Je n'ai pas beaucoup cherché. Regardez vous-même.
L'Antiquaire.
Comment? Le caveau funéraire de la reine est aujourd'hui une étable à vache.
Le Pasteur.
Pourquoi pas?
L'Antiquaire.
Mais je ne me trompe pas. Quoi! le buste d'un empereur sert de contrepoids à la porte d'un berger.
Le Pasteur.
J'ai profité du crampon de fer que j'y ai remarqué; desorte que depuis que je me suis avisé de le suspendre derriere ma porte, ma cabane ne craint plus le vent du nord.
L'Antiquaire.
Un chef-d'œuvre, dégradé à ce point.
Le Pasteur.
Cet empereur dont tu admires ici la tête, n'a (p. 106) peut-être pas fait autant de bien seulement au monde, que son buste m'est utile en ce moment.
L'Antiquaire.
J'ai ordre du prince de l'emporter.
Le Pasteur.
Emporte, mais je veux un dédommagement.
L'Antiquaire.
Quelqu'il soit, il te sera accordé.
Le Pasteur.
Eh bien! pour ma récompense, promets-moi de dire au prince que tu as vu la cendre d'un grand roi servant à la lessive d'un berger, son urne cinéraire converti en ruche à miel, & son buste de marbre suspendu derriere la porte d'une chaumiere. Tu diras aussi à la reine que le caveau de son aïeule n'est plus aujourd'hui qu'une étable. Tu diras tout cela.
L'Antiquaire.
Oui, oui!
Le Pasteur.
Tu n'oubliras rien.
L'Antiquaire.
Non! non!..... Voilà un berger qui seroit mauvais courtisan.
LE ROI-BERGER.
CONTE PASTORAL,
PAR LE BERGER SYLVAIN.
Pendant les fêtes consacrées aux déguisemens, un bon roi, jeune encore, se fit berger. Un chapeau de paille sur la tête, une houlette à la main, le visage couvert d'un masque, il sortit précipitamment de son palais, débarrassé de toute sa suite, & ne gardant pour l'accompagner, qu'un de ses plus fideles sujets, devenu son intime ami. Dans cet équipage, il prit le chemin des champs & alla se fixer dans le fond de l'une de ses provinces les plus agréables. Il se mêla aussitôt parmi les pasteurs du lieu. Une bergerie venoit de perdre son possesseur; il en fit l'acquisition, pour se livrer tout entier aux douces occupations & aux plaisirs purs des bergers. Il sembloit qu'il fût né pour cette condition paisible. Son nouvel état lui plût tant, qu'il oublia bientôt les honneurs de la royauté, & ne s'apperçut point que les fêtes consacrées aux déguisemens étoient passées.
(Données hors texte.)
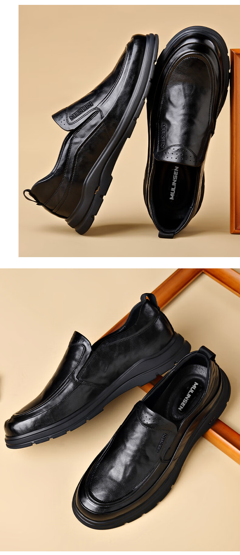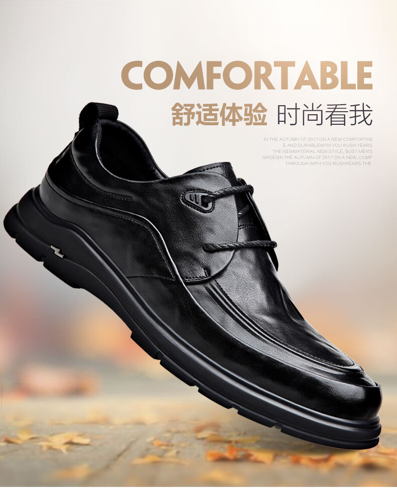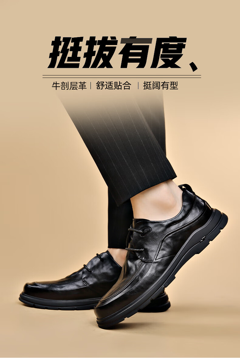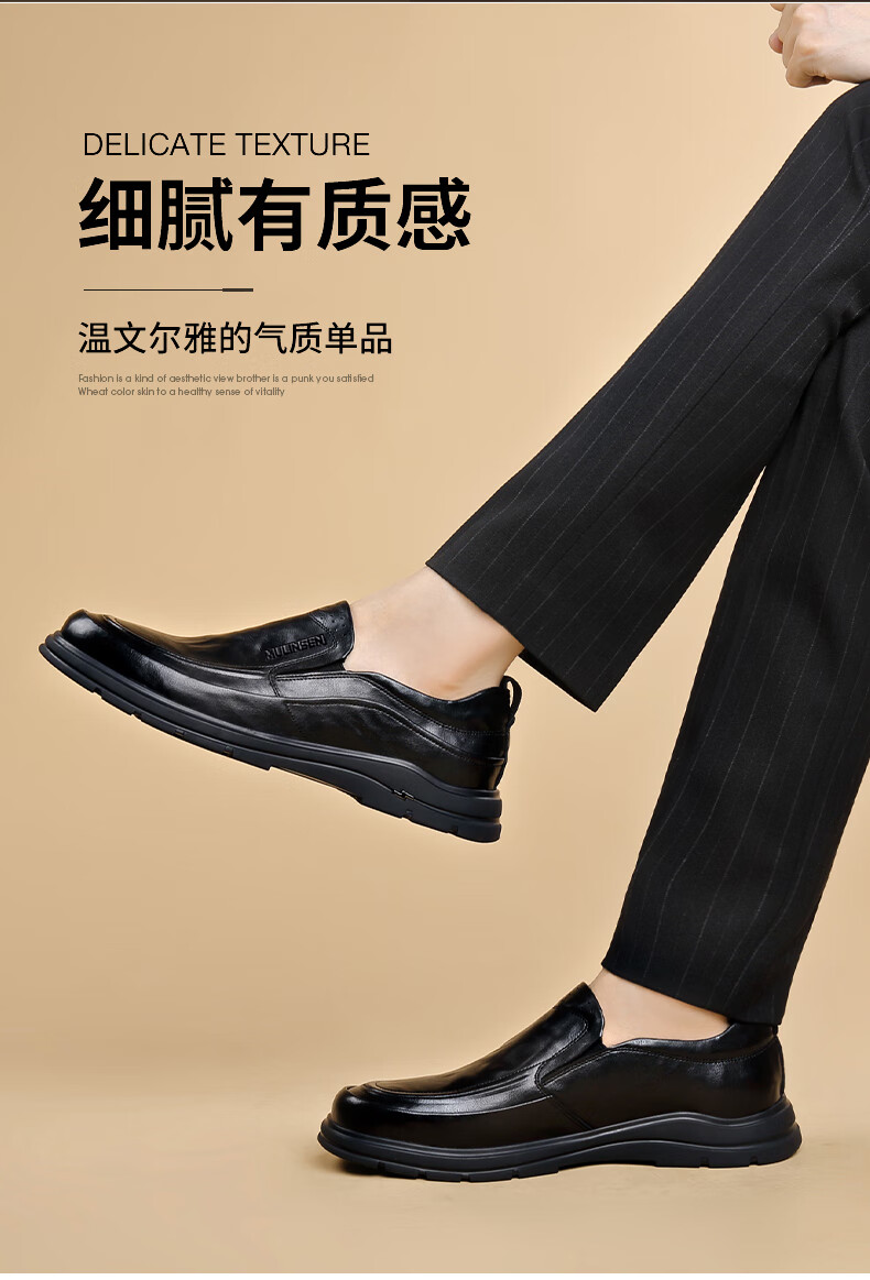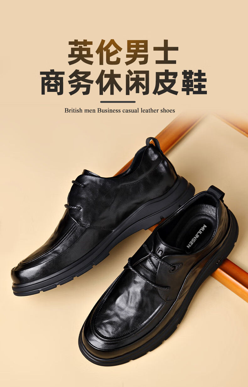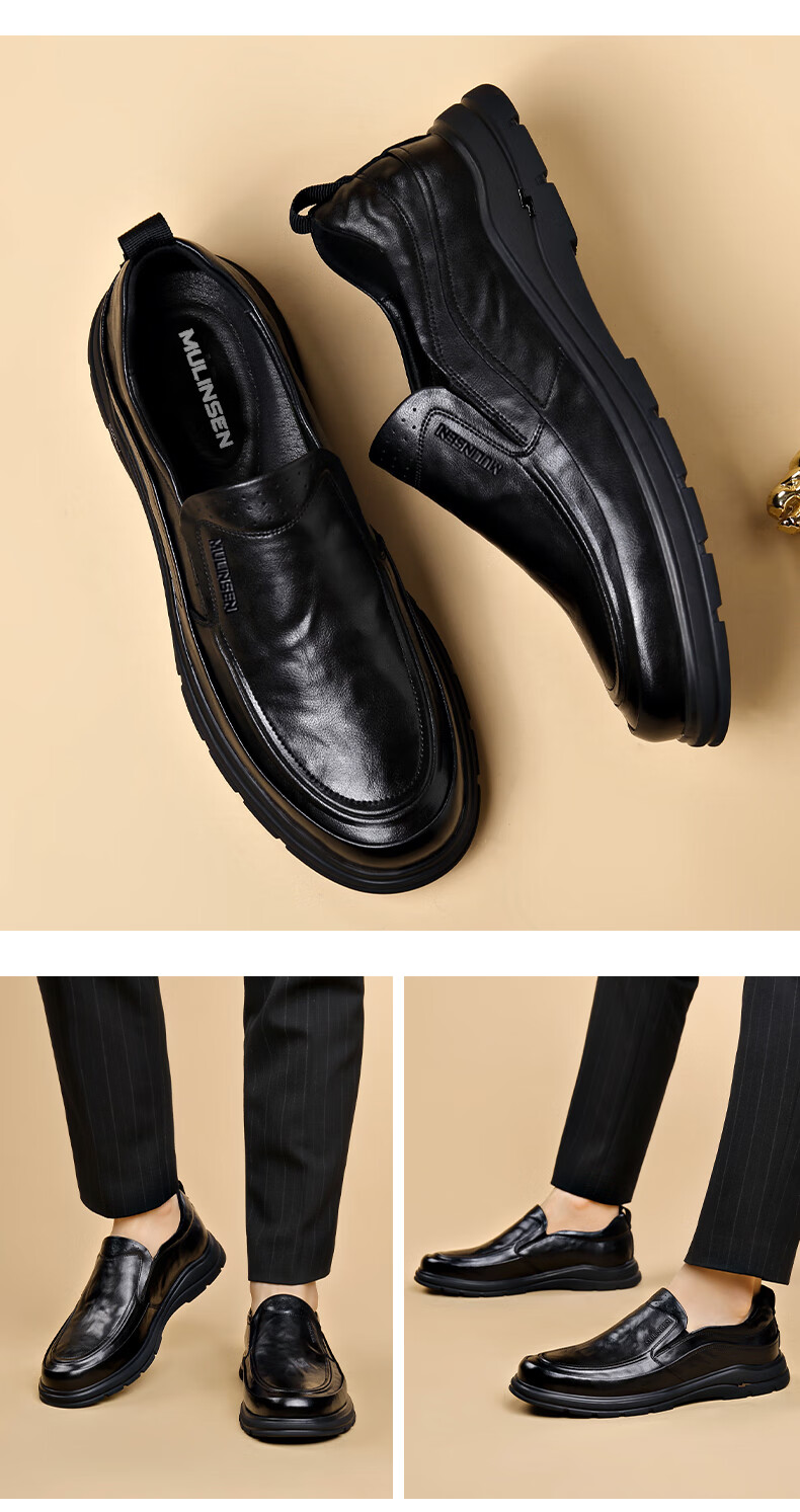 MULINSEN leather shoes men's genuine soft leather formal business casual shoes spring and autumn lace versatile soft sole wedding shoes dad shoes black DY-ZK236131 black 40

(p. 108) Cependant l'inquiétude regnoit à la cour du prince. On vit même des courtisans pleurer. On chercha le roi partout où il n'étoit pas. Il n'y eut que ceux qui l'approchoient de plus près & qui soupçonnoient ses goûts, qui s'aviserent de parcourir les provinces & de se disperser dans les campagnes. Ils le trouverent enfin à la tête d'un troupeau, caressant son chien & chantant un air gai.
Prince! que faites-vous!..... Reprenez votre sceptre & remontez sur le trône. Vos sujets vous attendent; & la princesse que le dernier traité de paix vous destine pour compagne, arrive. Venez!...
Mes amis! c'en est fait! vous venez un peu trop tard. La houlette me semble moins lourde que le sceptre. Mon chapeau de fleurs pese moins sur ma tête, qu'une couronne. Et je suis plus à mon aise sur ce siege de gazon, que sur un trône d'or. Mes sujets ne peuvent jamais m'être plus fideles que mes moutons, & que le gardien de mon troupeau. Et je doute que la princesse que le dernier traité de paix me destinoit, me plaise davantage que la pastourelle que mon cœur vient de se choisir. Quand on a été roi & berger, & quand on a le choix entre l'un ou l'autre, on reste berger.
LA REINE-BERGERE.
CONTE PASTORAL.
Zerbin.
Je l'aurai fait attendre. Doublons le pas. Mais qu'apperçois-je, près de la fontaine.... Ce n'est pas elle. Quelle est cette femme si richement parée? J'aimerois bien mieux y voir ma Zerbine, avec son chapeau de paille couronné de fleurs. Elle devroit y être, cependant. Approchons.
Zerbine.
C'est lui. Comme il va ouvrir de grands yeux. Je suis sûre qu'il ne me reconnoîtra pas.
Zerbin.
Je n'oserai jamais..... C'est sans doute la fille d'un roi.
Zerbine.
Ne lui parlons pas d'abord. Mais faisons lui des signes.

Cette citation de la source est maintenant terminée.